Stored items:
******************************

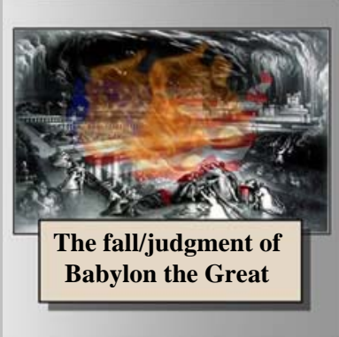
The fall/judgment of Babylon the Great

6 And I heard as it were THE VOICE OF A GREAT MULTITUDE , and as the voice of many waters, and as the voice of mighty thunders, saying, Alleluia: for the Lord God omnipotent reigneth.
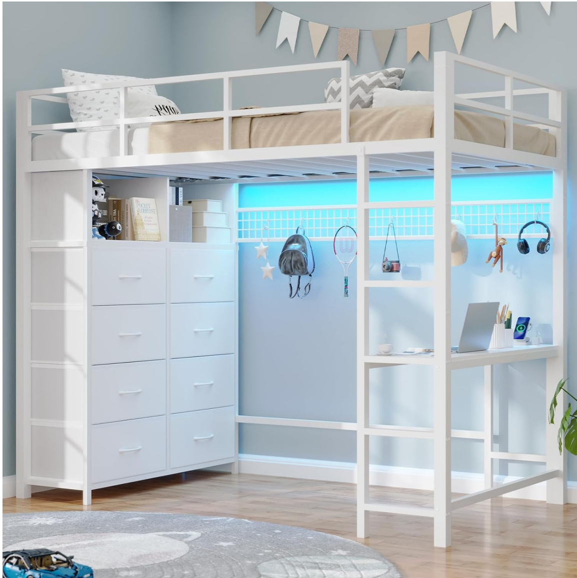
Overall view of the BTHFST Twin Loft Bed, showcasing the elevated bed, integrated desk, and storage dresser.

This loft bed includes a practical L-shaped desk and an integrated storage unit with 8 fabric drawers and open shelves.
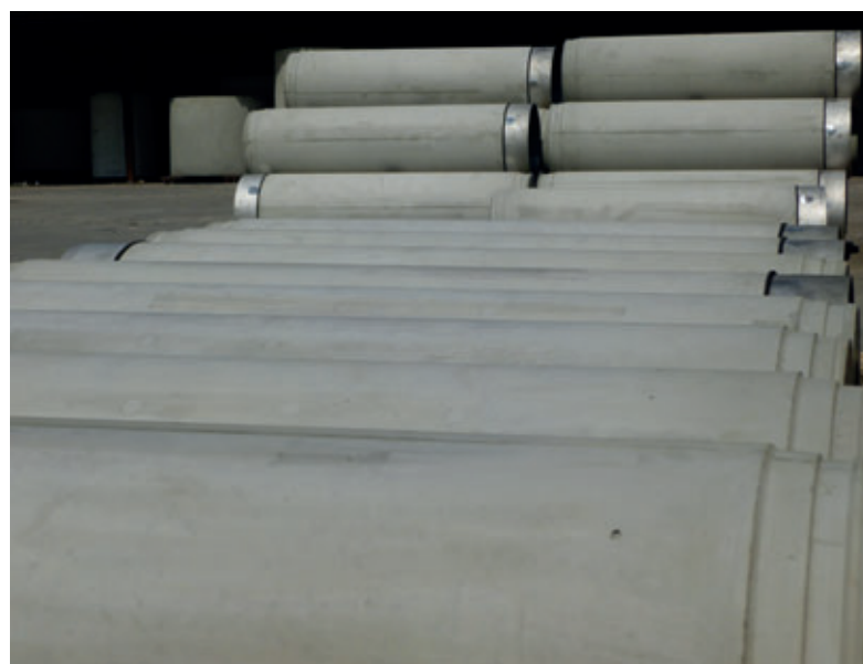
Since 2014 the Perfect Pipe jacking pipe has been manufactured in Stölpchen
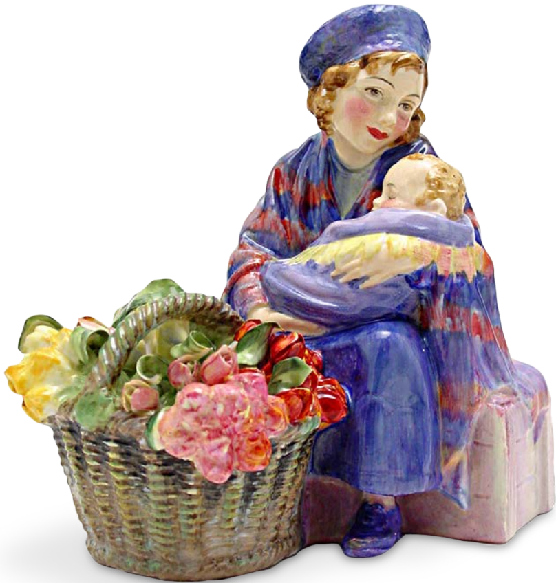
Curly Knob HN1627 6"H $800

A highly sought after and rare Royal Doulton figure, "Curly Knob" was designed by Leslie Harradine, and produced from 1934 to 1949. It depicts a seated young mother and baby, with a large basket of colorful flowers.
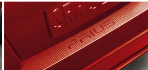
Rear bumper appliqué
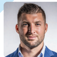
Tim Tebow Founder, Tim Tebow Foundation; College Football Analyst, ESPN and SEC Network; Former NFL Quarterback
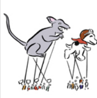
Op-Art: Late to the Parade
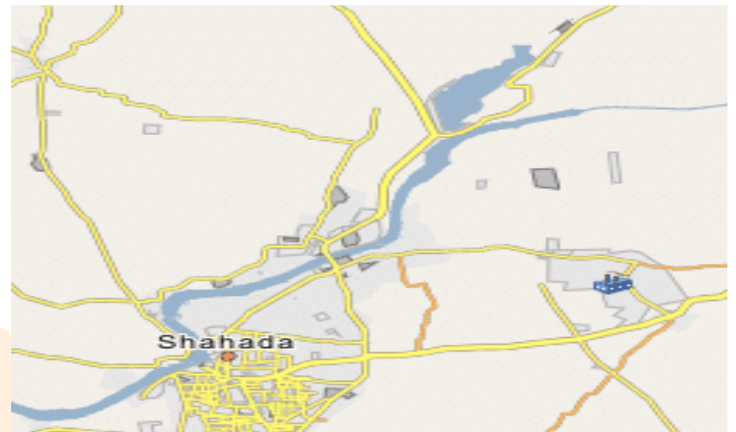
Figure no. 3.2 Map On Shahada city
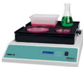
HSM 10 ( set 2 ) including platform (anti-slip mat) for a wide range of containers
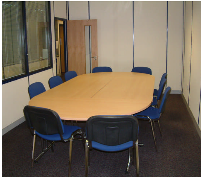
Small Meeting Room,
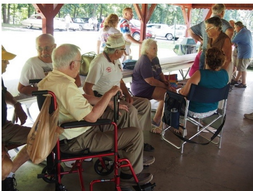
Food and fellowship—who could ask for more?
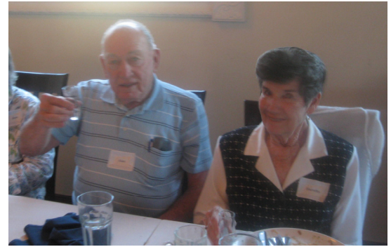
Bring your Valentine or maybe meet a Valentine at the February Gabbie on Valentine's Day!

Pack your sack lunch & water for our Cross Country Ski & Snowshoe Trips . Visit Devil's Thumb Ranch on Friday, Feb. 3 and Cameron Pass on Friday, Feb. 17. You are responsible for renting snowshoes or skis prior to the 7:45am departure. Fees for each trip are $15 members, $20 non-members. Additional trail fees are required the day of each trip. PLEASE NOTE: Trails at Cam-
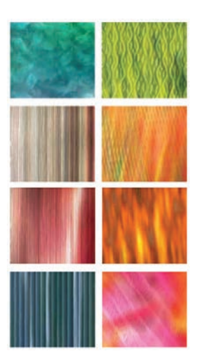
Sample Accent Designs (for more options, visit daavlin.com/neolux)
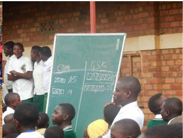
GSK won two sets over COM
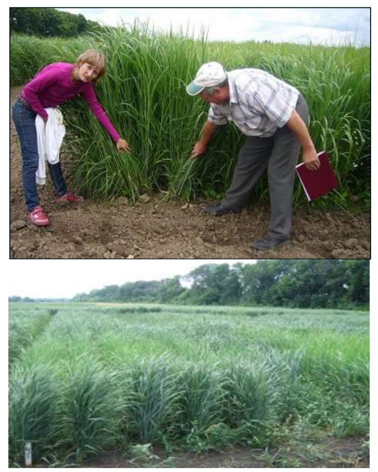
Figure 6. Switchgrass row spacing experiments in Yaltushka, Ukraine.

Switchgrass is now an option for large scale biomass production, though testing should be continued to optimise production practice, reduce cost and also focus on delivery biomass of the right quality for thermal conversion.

******************************

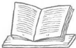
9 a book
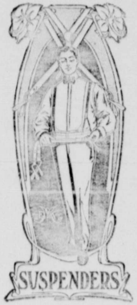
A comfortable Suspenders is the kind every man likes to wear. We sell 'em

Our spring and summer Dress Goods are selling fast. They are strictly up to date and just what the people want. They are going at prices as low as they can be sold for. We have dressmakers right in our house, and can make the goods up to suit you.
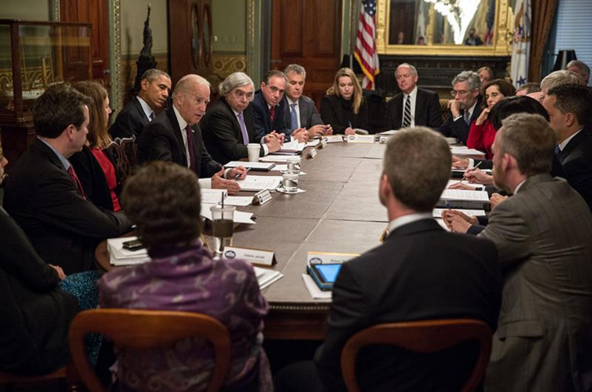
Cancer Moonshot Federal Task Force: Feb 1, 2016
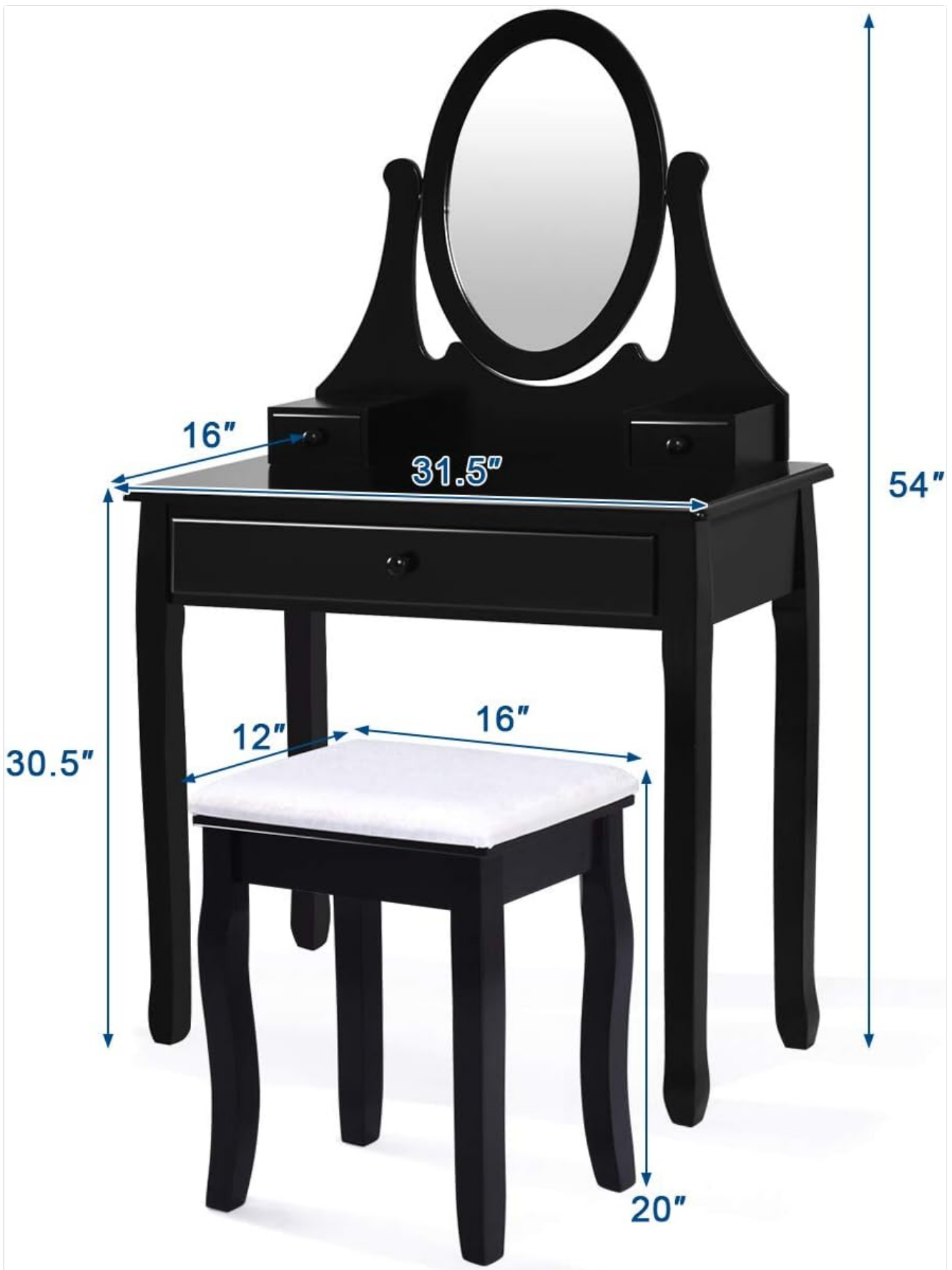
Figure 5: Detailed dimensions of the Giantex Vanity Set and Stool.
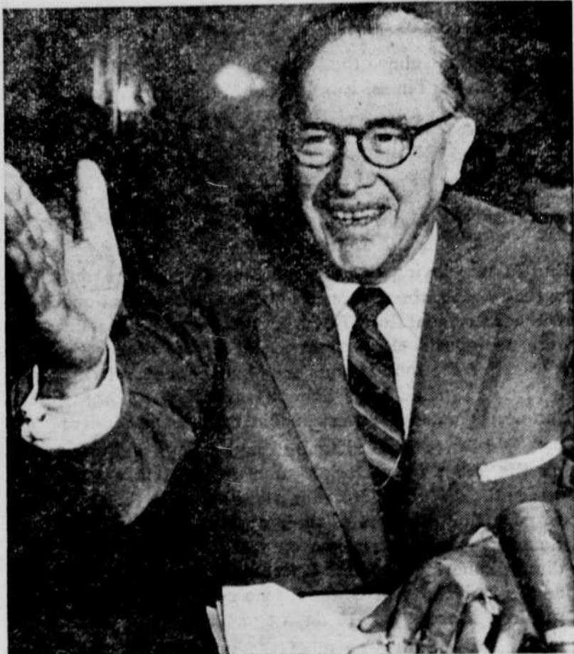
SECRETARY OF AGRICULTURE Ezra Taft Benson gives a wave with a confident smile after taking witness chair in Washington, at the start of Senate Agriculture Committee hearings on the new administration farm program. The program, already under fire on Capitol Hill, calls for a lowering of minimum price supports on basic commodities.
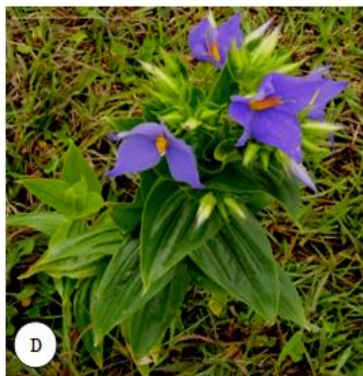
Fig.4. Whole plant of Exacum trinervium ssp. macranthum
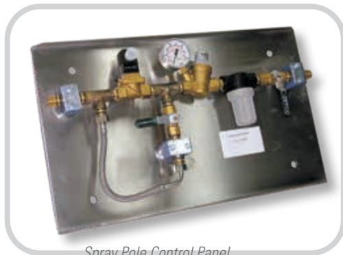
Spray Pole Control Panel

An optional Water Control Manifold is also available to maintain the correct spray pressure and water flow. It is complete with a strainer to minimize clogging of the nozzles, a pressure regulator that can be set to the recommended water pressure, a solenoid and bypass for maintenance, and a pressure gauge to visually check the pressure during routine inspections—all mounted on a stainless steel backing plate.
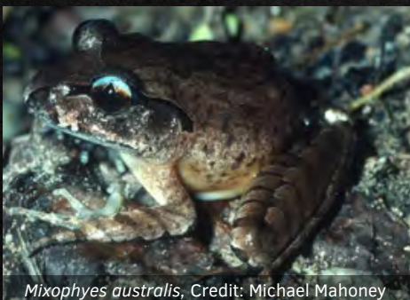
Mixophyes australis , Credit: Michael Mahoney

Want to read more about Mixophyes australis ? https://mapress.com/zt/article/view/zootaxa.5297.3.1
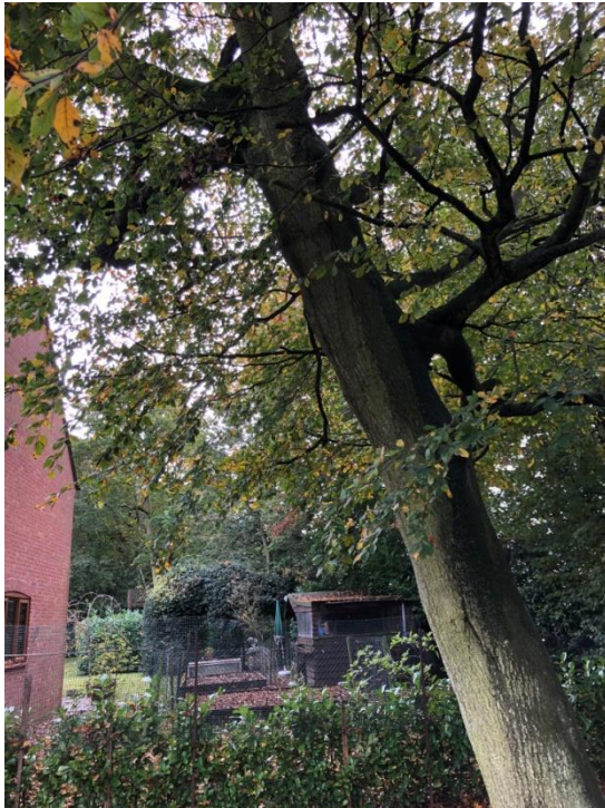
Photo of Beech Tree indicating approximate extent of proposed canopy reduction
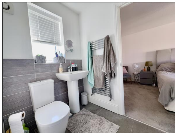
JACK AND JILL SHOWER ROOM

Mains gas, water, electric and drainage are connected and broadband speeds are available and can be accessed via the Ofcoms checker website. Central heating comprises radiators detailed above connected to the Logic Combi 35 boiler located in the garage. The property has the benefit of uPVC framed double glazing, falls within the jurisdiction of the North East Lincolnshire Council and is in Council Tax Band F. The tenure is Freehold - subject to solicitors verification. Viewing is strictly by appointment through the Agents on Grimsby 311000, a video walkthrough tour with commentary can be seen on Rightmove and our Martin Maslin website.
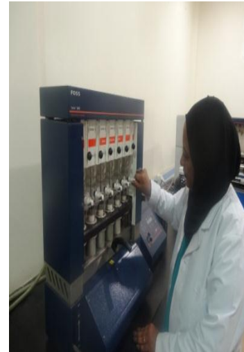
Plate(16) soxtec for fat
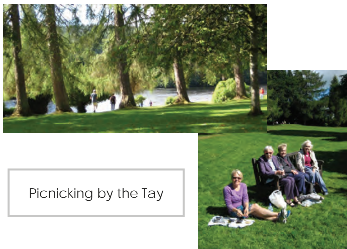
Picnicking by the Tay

******************************

* **WHAT THE TASK REQUIRES**: Copy out the lines of the records above in which the string "your" appears.

* **COMPLETED TASK**:
Bring your Valentine or maybe meet a Valentine at the February Gabbie on Valentine's Day!
Pack your sack lunch & water for our Cross Country Ski & Snowshoe Trips . Visit Devil's Thumb Ranch on Friday, Feb. 3 and Cameron Pass on Friday, Feb. 17. You are responsible for renting snowshoes or skis prior to the 7:45am departure. Fees for each trip are $15 members, $20 non-members. Additional trail fees are required the day of each trip. PLEASE NOTE: Trails at Cam-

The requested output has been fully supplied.